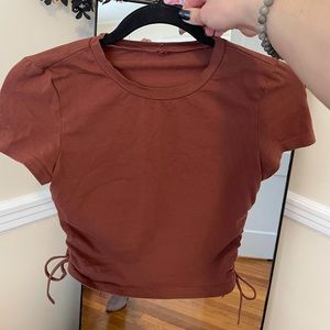 Rust/red rushed crop top t shirt. Can be worn longer (to the belly button) or pulled and tied tighter to be much more cropped. Is size Small but fits Medium
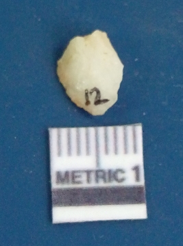| Description / विवरण | The quartz flake has sharp flaked edges and pointed ends as a result of flaking. The piece is semi-transparent in nature with irregular fracture pattern. The piece is roughly triangular in shape and has a prominent bulb of percussion. |
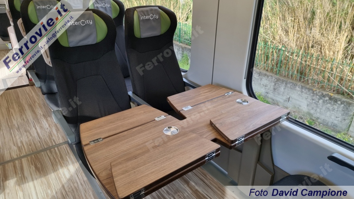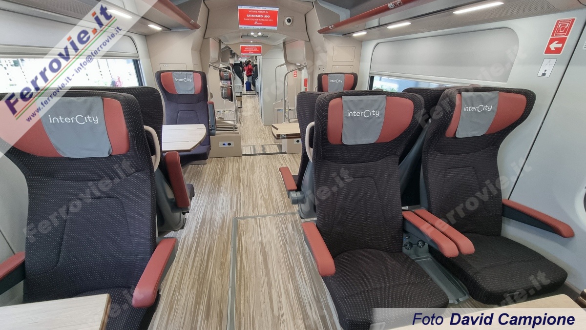 Con un'accelerazione decisa il 566 riprende quindi il suo viaggio verso Reggio Calabria. La sostanziale differenza tra gli HTR.412 per la Divisione Business Regionale e Intercity è negli arredi interni. Nel caso dell'HTR.412 Intercity le poltrone sono di disegno diverso con rivestimento in tessuto (anziché plastico); poggiatesta e braccioli presentano inoltre colori differenti a seconda delle classi (amaranto per la prima e verde per la seconda classe). Tutte le poltrone dispongono di un comodo tavolino con anta apribile, prese di corrente a 220 V e USB e la maggior parte di esse sono con il modulo vis-a-vis e in buona parte allineate ai finestrini. Non mancano alcuni posti con vista sul montante e addirittura un posto di prima classe "chiuso" da parete sia lateralmente che frontalmente. Diverso anche il rivestimento della pavimentazione rispetto ai Blues della Regionale, qui in materiale plastico che riproduce un pavimento in legno.
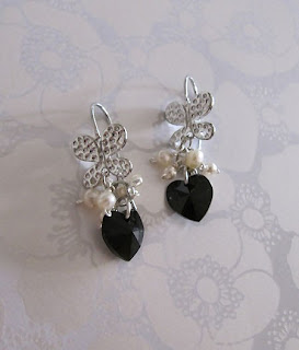 Fay is definitely an adoring piece. I have used 2 lovely butterfly earhooks holding on are Swarovski jet black heart crystals with some petite Swarovski cream crystal pearls and freshwater pearls.
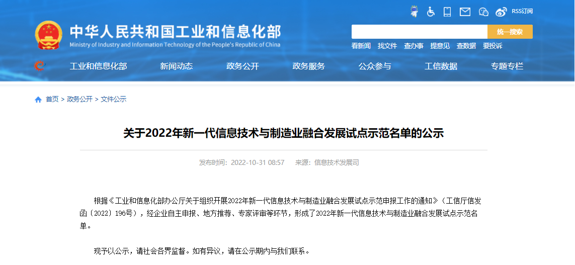 為推動新一代信息技術(shù)與制造業(yè)全要素、全產(chǎn)業(yè)鏈、全價值鏈深度融合,加快制造業(yè)技術(shù)、模式、業(yè)態(tài)等創(chuàng)新和應用,按照《關(guān)于深化新一代信息技術(shù)與制造業(yè)融合發(fā)展的指導意見》相關(guān)要求,工業(yè)和信息化部于2022年8月組織開展2022年新一代信息技術(shù)與制造業(yè)融合發(fā)展試點示范申報工作。(工信廳信發(fā)函 ﹝2022﹞ 196號)
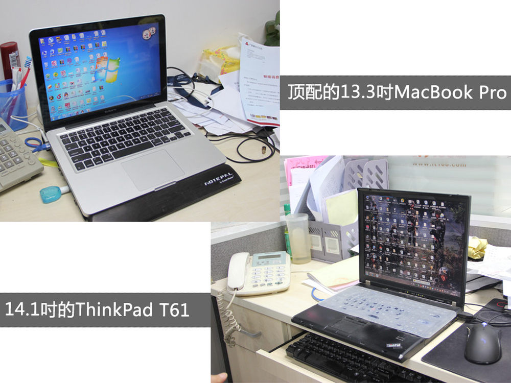 要说明的是,两位一人用的是顶配的13.3吋MacBook Pro,另一人用的是早已停产的ThinkPad T61。众所周知,两款笔记本的分辨率是不一样的,苹果这款的分辨率为1280×800(16:10),而T61则是方屏14.1吋,分辨率仅为1440×900(16:10)。
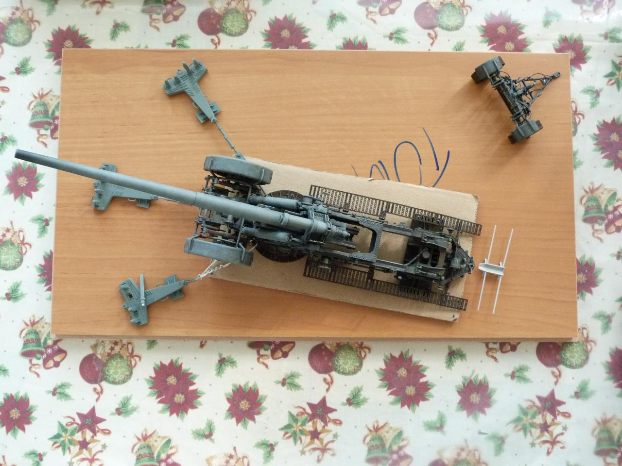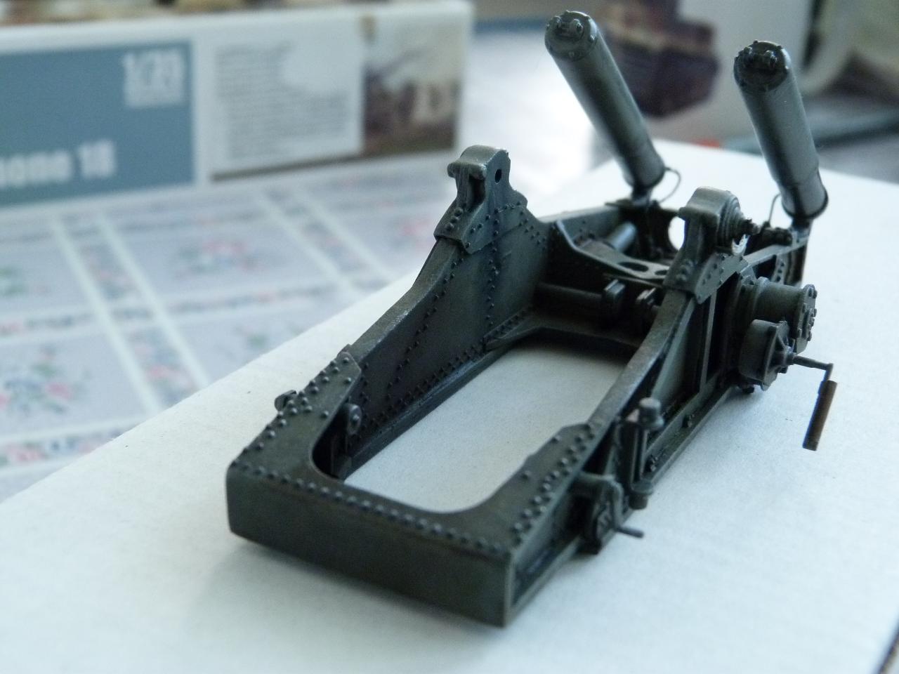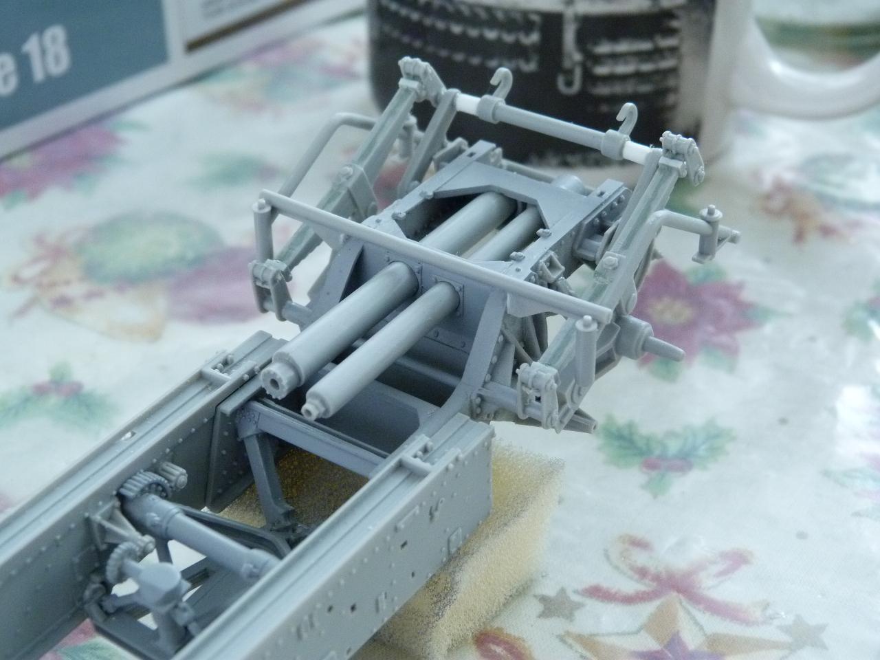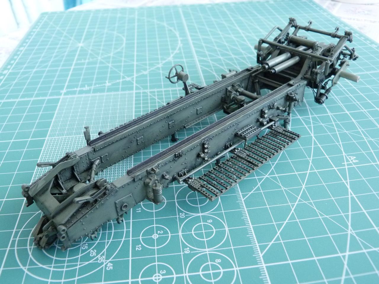 Stavebnice Trumpeter 1/35 je solidní, až na několik drobných detailů..... Tak, kde udělali soudruzi v Číně chybičku? Chybí vzduchové hadice k brzdovým válcům (kolesna i šasí),chybí el.kabeláž,kola jsou v transportní poloze,přičem mechanizmus palebné opěry se zdá býti v palebném postavení,chybí válec tlumení zákluzu hlavně v kolébce ,chybí kotvy pro ukotvení kanonu v palebném postavení atd.
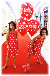 Rdeče z belimi pikicami, Florentinin najljubši motiv. V naši trgovini sta se oglasili simpatični sestrici dvojčici, v čudovitih rdečih oblekicah z belimi pikicami.
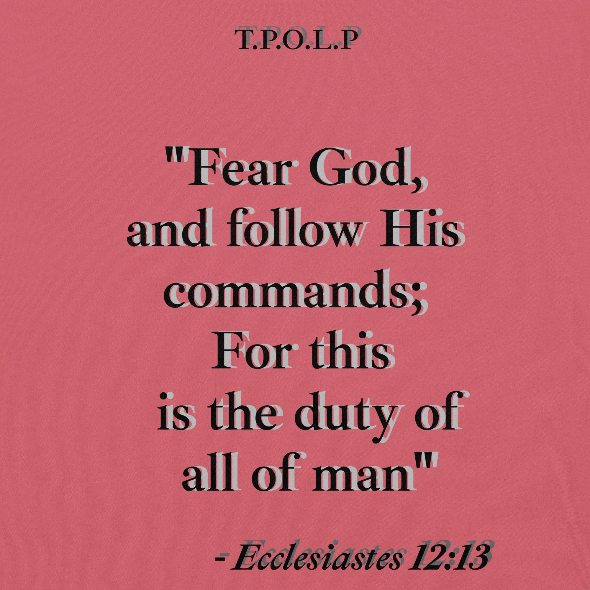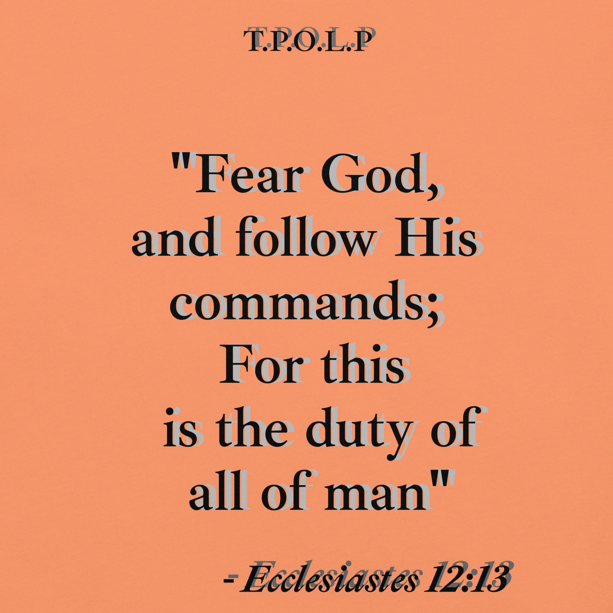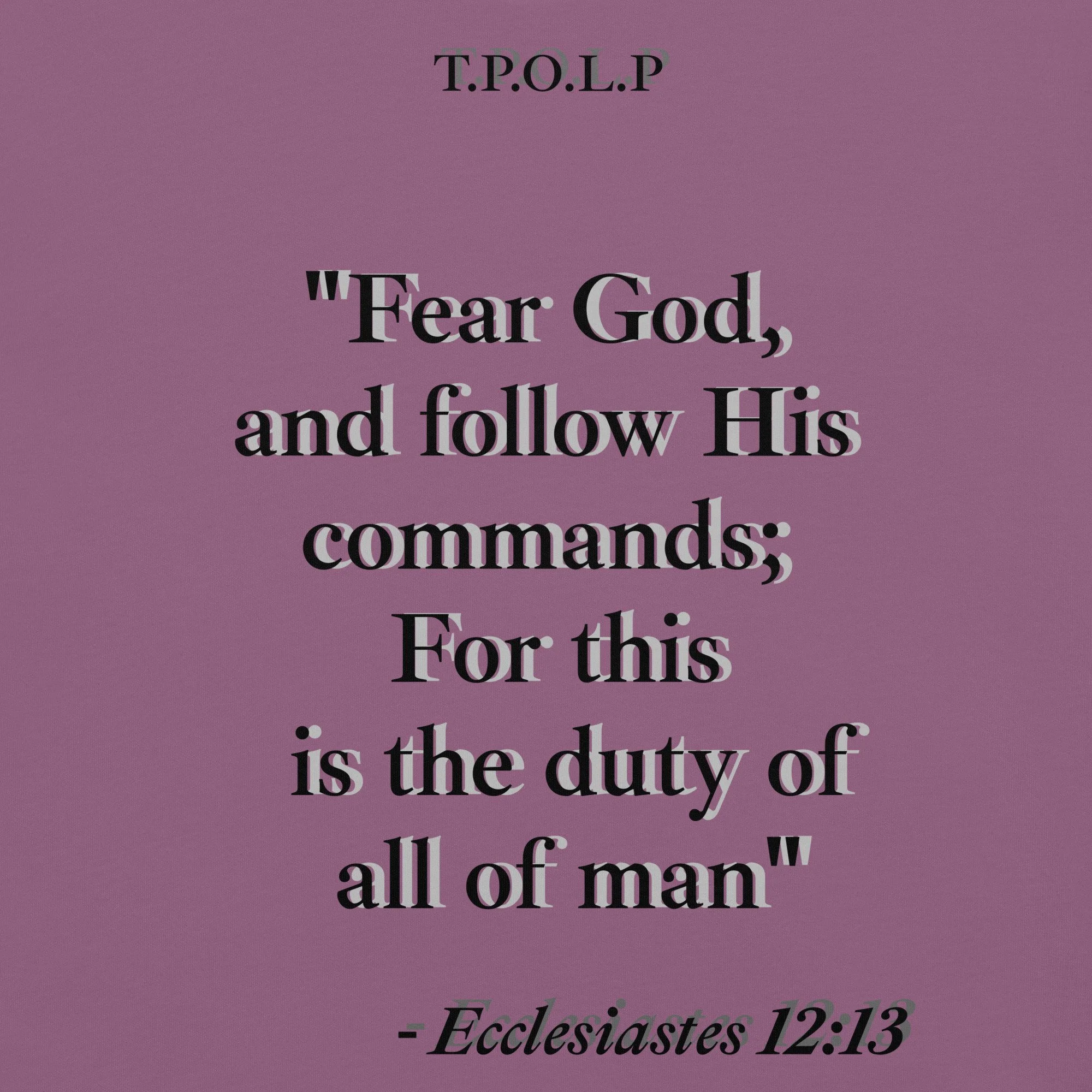 Take on your day in our comfy & breathable Ecclesiastes 12:13 cotton t-shirt. Rock this tee with our 'T.P.O.L.P' wide-leg sweatpants & matching socks. You could even layer with a matching Ecclesiastes Hoodie! This regular t-shirt style will compliment most looks, and fit you to a tee. Even better, all while sharing the Word of God, and supportingg a humble Christian Business!
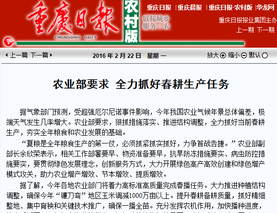 重庆日报:农业部要求 全力抓好春耕生产任务
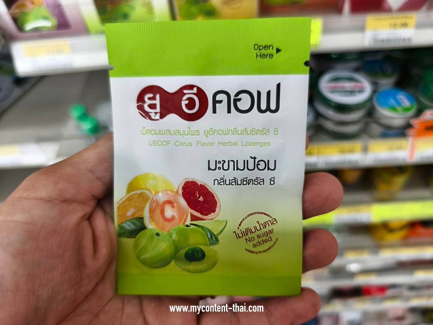 - ยูอีคอฟ ยาอมแก้ไอ มะขามป้อม แพ็ก 20 ซอง (บรรจุ 6 เม็ด/ซอง) สูตรไม่มีน้ำตาล 228 บาท คลิกสั่งซื้อที่ AllOnline ที่นี่
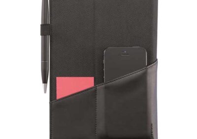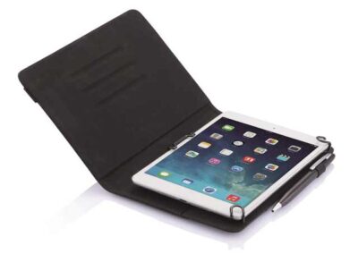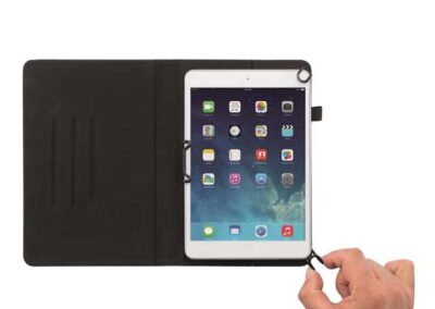 Komo Universal Portfolio is a stylish genuine leather portfolio with outer pockets and an integrated universal tablet holder that can be easily propped for presentations. The unique and patented system makes it possible to fit in most 7-8″ tablets. Registered design

****************

Problem description. Only the lines from the line with "重庆日报:农业部要求 全力抓好春耕生产任务" to the bottom of the material above should be reproduced, exactly and without pictures.

Answer to the problem.
 重庆日报:农业部要求 全力抓好春耕生产任务
 - ยูอีคอฟ ยาอมแก้ไอ มะขามป้อม แพ็ก 20 ซอง (บรรจุ 6 เม็ด/ซอง) สูตรไม่มีน้ำตาล 228 บาท คลิกสั่งซื้อที่ AllOnline ที่นี่
 Komo Universal Portfolio is a stylish genuine leather portfolio with outer pockets and an integrated universal tablet holder that can be easily propped for presentations. The unique and patented system makes it possible to fit in most 7-8″ tablets. Registered design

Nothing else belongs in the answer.